Not quite sure why this was happening but by a process of elimination I found that accessing args[4] in tcp:::receive caused these errors.

Fortunately many of the values in args[4] are found in args[3] as well.

To find arguments to tcp:::receive , first run the following command (or alternatively look the TCP probes up on the wiki at http://wikis.sun.com/display/DTrace/tcp+Provider)

( for command line flags check out http://compute.cnr.berkeley.edu/cgi-bin/man-cgi?dtrace+7

-l = list instead of enable probes
-n = Specify probe name to trace or list
-v = Set verbose mode

i.e. list the verbose information about the probes named and don’t enable these probes, just list them)

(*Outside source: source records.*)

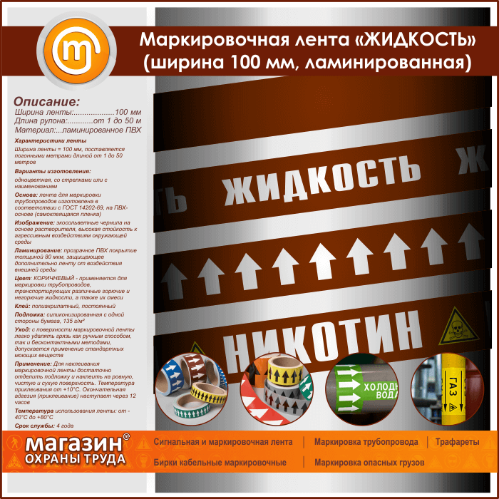 Маркировочная лента «ЖИДКОСТЬ» (ширина 100 мм, самоклеящаяся плёнка с ламинированием) в Сургуте купить
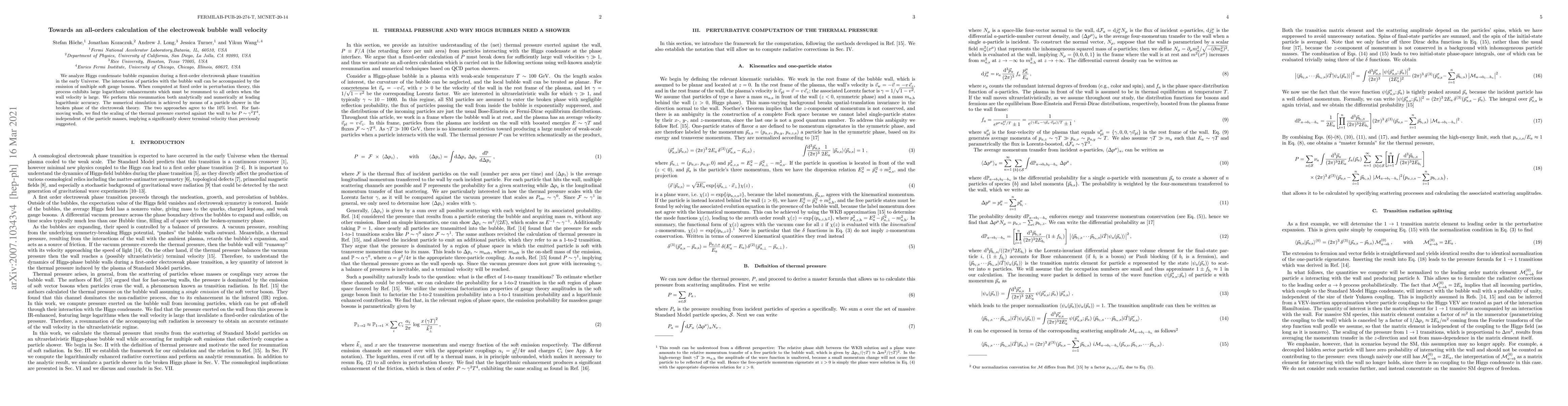 We analyze Higgs condensate bubble expansion during a first-order electroweak phase transition in the early Universe. The interaction of particles with the bubble wall can be accompanied by the emission of multiple soft gauge bosons. When computed at fixed order in perturbation theory, this process exhibits large logarithmic enhancements which must be resummed to all orders when the wall velocity is large. We perform this resummation both analytically and numerically at leading logarithmic accuracy. The numerical simulation is achieved by means of a particle shower in the broken phase of the electroweak theory. The two approaches agree to the 10\% level. For fast-moving walls, we find the scaling of the thermal pressure exerted against the wall to be $P\sim \gamma^2T^4$, independent of the particle masses, implying a significantly slower terminal velocity than previously suggested.
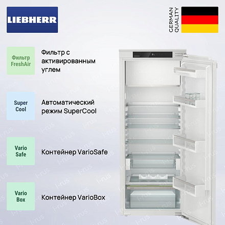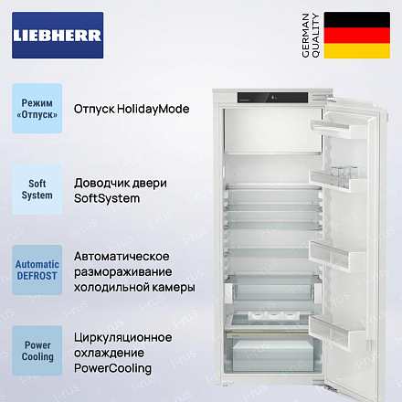 Встраиваемый холодильник Liebherr IRD 4521 отличается современным дизайном, продуманной эргономикой и функциональностью. Стальной корпус холодильника обеспечивает его долговечность и надежность. Внешний вид устройства подчеркивает его статус и вписывается в любой интерьер. При этом внутренний объем холодильной камеры составляет 228 литров, из которых 212 литров полезного объема. Это позволяет хранить большое количество продуктов, не заботясь о нехватке места. Управление холодильником осуществляется с помощью сенсорных кнопок и Touch дисплея. Это не только удобно, но и добавляет устройству современности. Индикация температуры холодильной камеры поможет контролировать оптимальные условия для сохранения свежести продуктов.
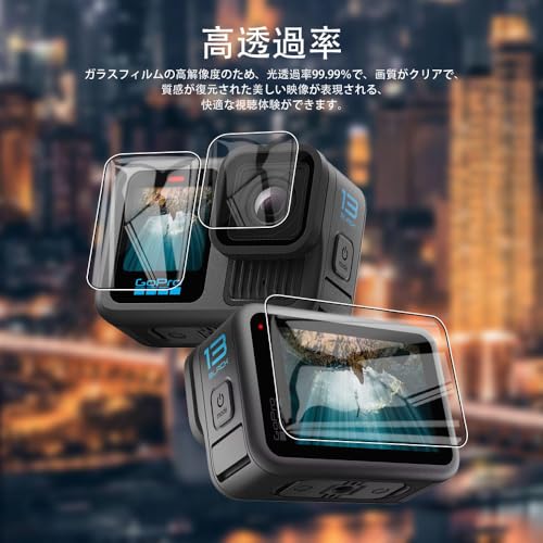 【薄型ガラス・極高透過率】厚さ0.33mmの超薄型で、透過率は99.99%。驚くほど高い透明度を誇っており、画面の鮮明さや美しさを損なわずに GoPro HERO 13 本来の美しい画面をお楽しみいただけます、高級感のある映像を演出する高透過率のフィルムなので。
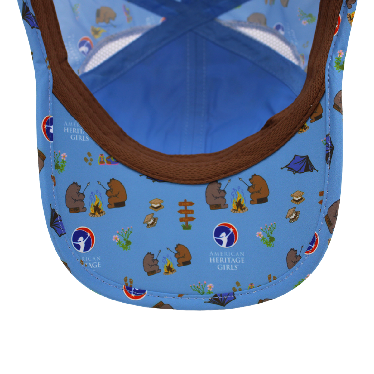 Blue cap with 'American Heritage Girls' logo on a white background
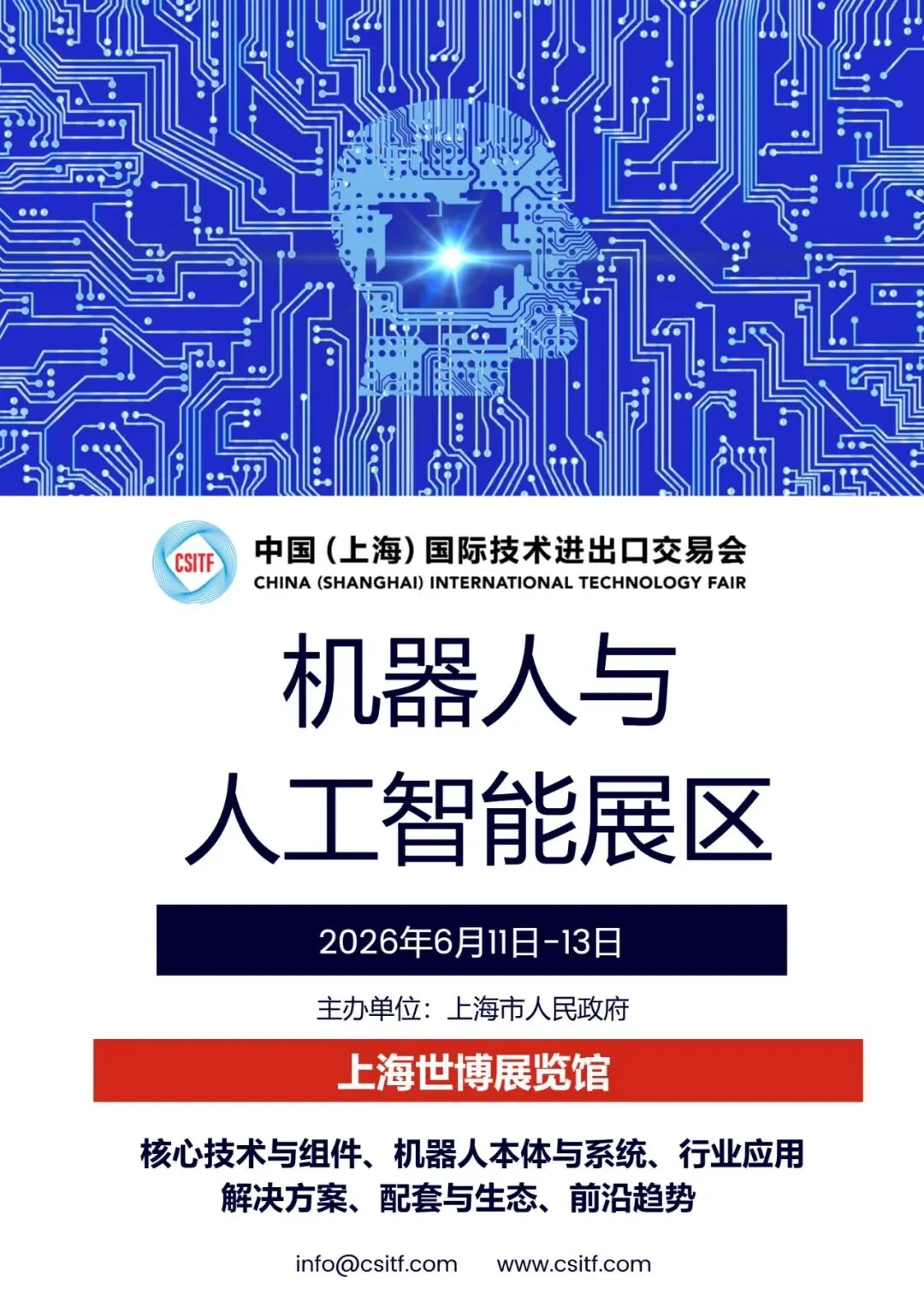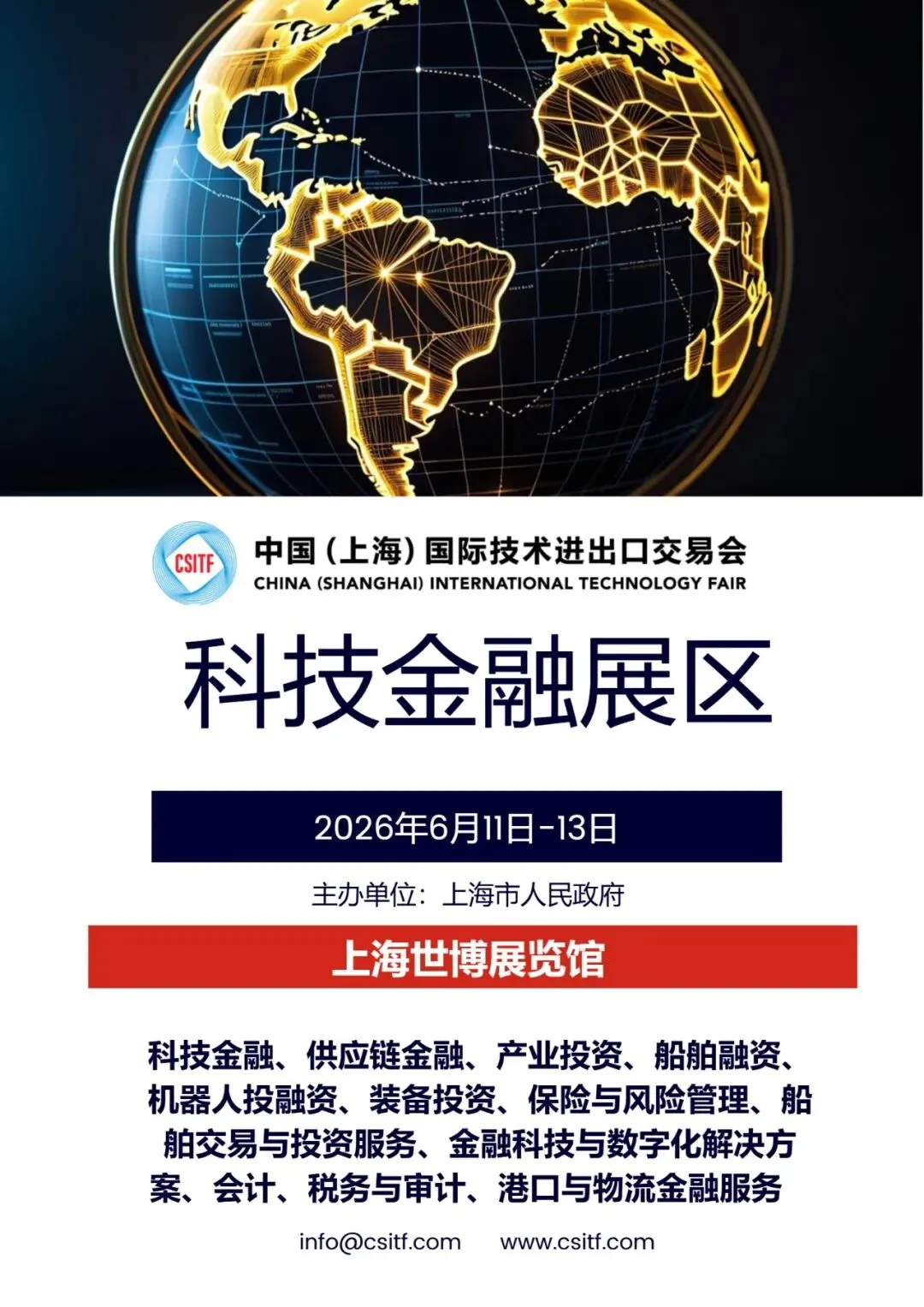 由上海市人民政府主办的国家级、国际性、综合型展会2026年第十二届中国(上海)国际技术进出口交易会(简称“上交会”,英文缩写“CSITF”)将于6月11-13日在上海世博展览馆盛大举办。本届上交会将继续进一步特设科技金融、船舶海工与航运港口、机器人与人工智能等主题展览展区以及系列论坛会议,持续打造具有行业影响力的专业板块。同时国际船舶海工网和低空天地平台将在上交会支持下,同期配套召开2026年科技金融与高端产业投融资上海国际论坛。咨询报名:china@ishipoffshore.com 或 chinabobli@126.com
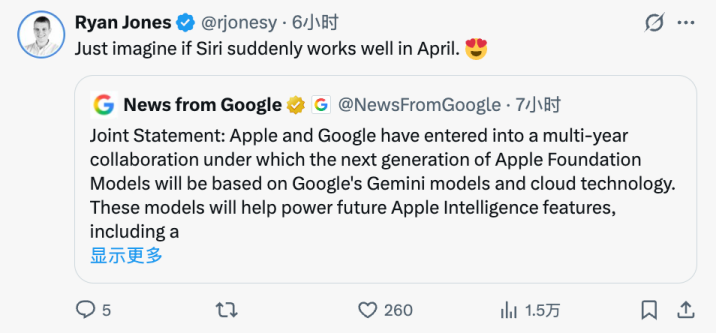 这相当于在说,谷歌如今连苹果AI都控制了。但这话,苹果一定不会同意。
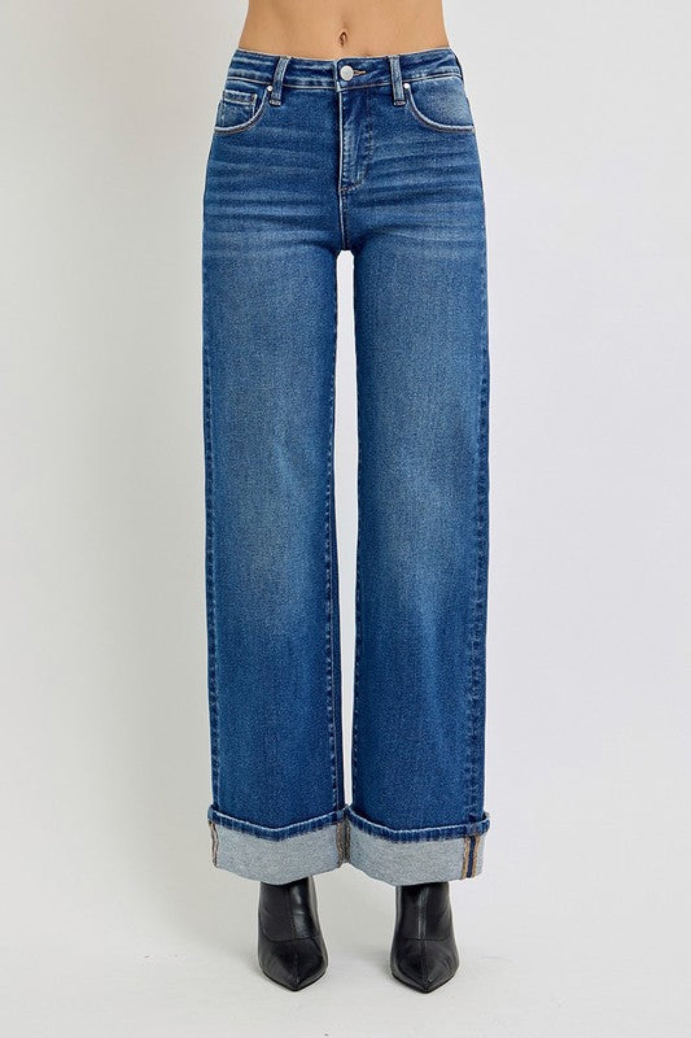 Step into comfort and confidence with the Risen Wide Leg Cuffed Jeans. Featuring tummy control and a high rise, they smooth and flatter your silhouette while the wide leg offers a breezy, relaxed fit. With a 34" inseam before the cuff, you can roll them up to a perfect 31" length for versatile styling. These jeans blend playful style with a flattering shape that moves with you all day long.
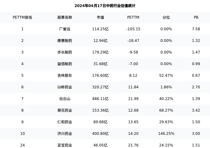 从估值角度看:亚宝药业最新市盈率PETTM为21.76,在行业内排名20/71,处于24.15分位。
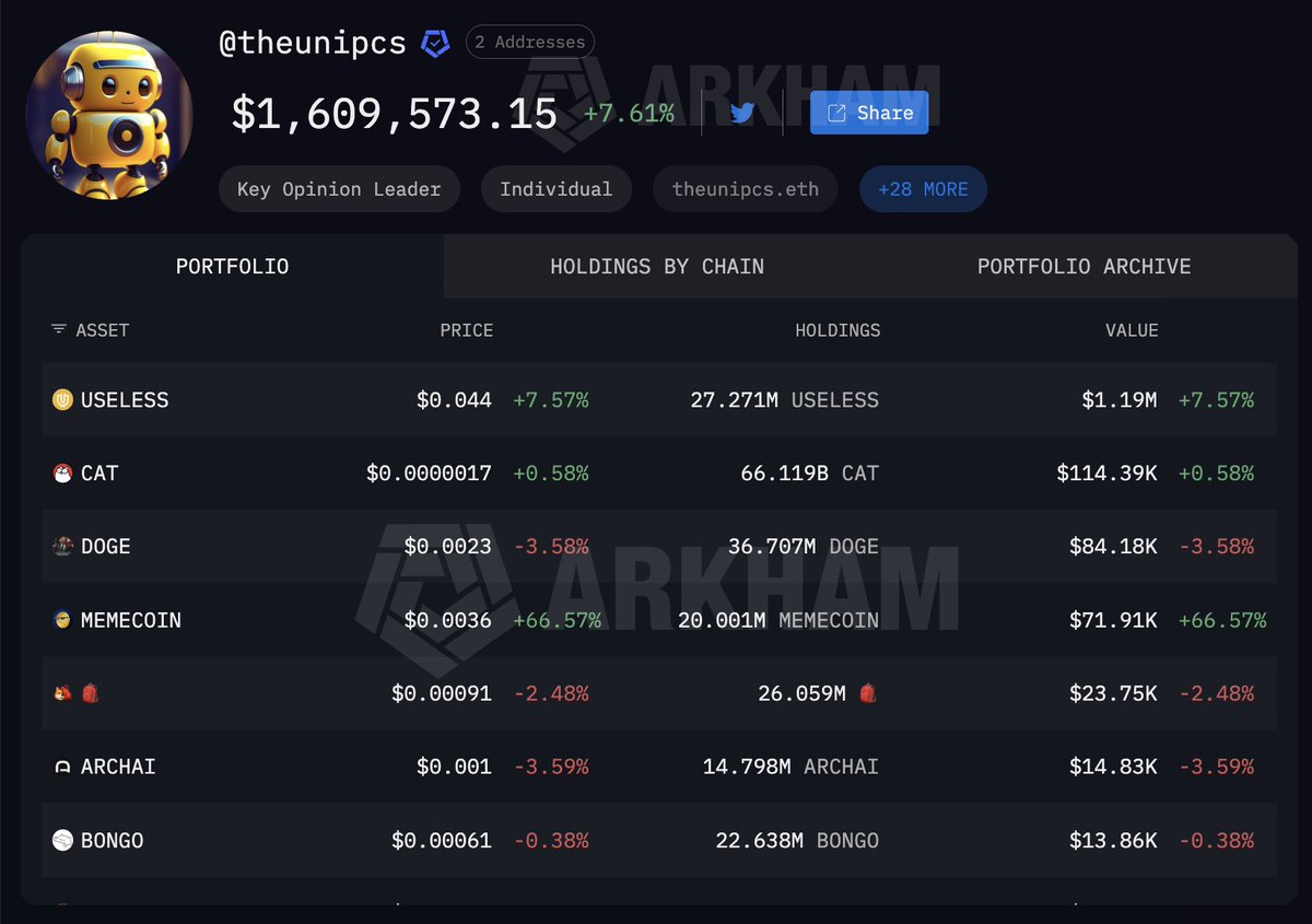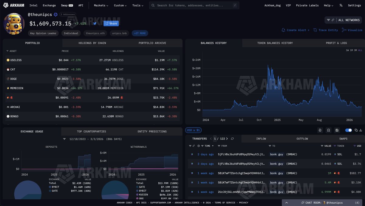 Bonk Guy is not only holding his entire bag of USELESS (currently worth $1.18M) but he is also still holding his DOGE (worth $85.6K), which caused his portfolio high in 2024. Will he ever make it back?
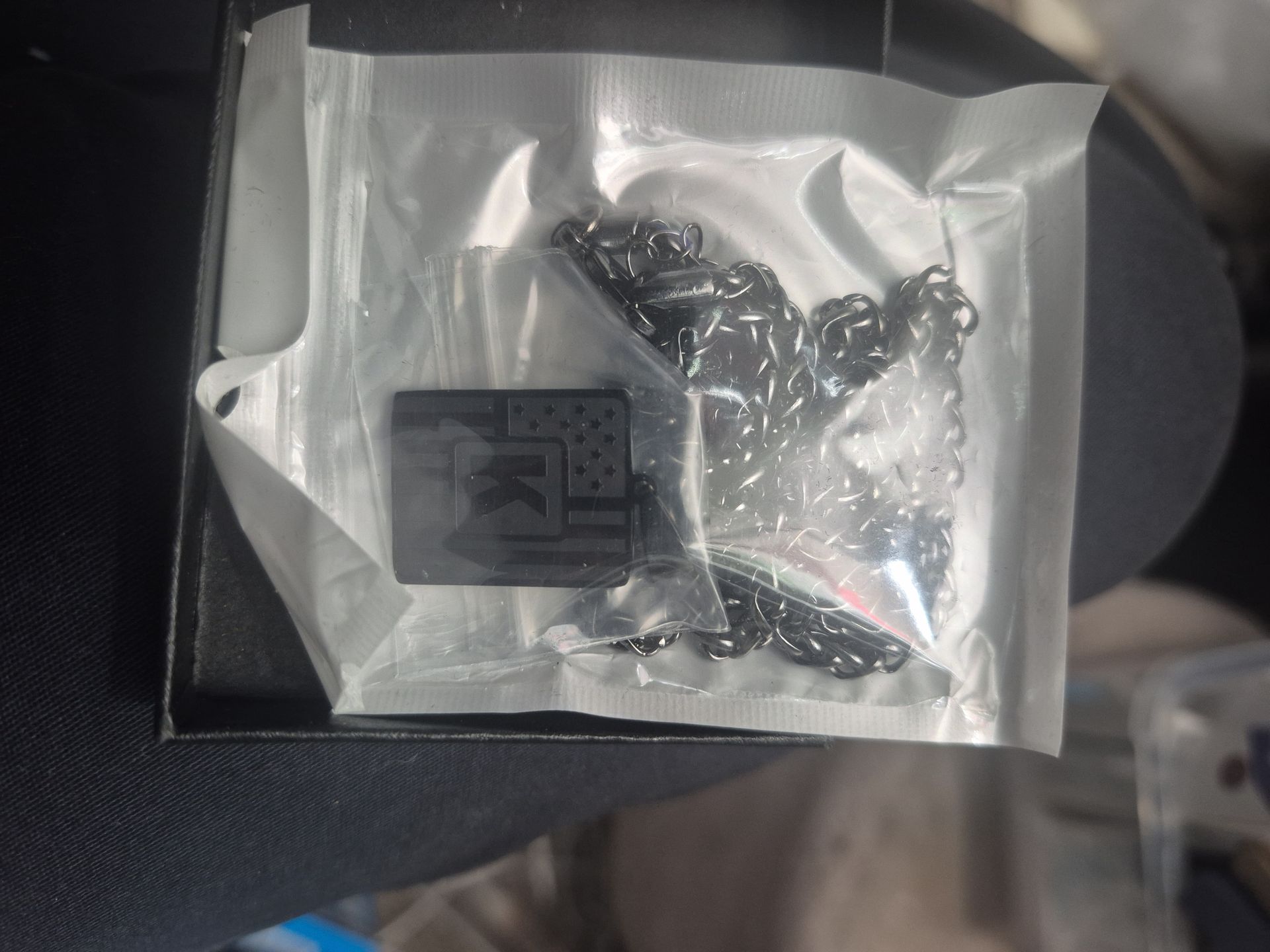 This is new with a flag in the background and a k on it

$ dtrace -lvn tcp:::receive
 5473        tcp                ip                        tcp_output send

        Argument Types
                args[0]: pktinfo_t *
                args[1]: csinfo_t *
                args[2]: ipinfo_t *
                args[3]: tcpsinfo_t *
                args[4]: tcpinfo_t *

(by the way, there are a number of probes that match tcp:::receive, but they all have the same arguments, I didn’t notice all these different tcp:::receive until I actually ran the above command. Before running the command I’d depended on the wiki. Now I’m wondering what the difference is between some of these tcp:::receive and tcp:::send probes )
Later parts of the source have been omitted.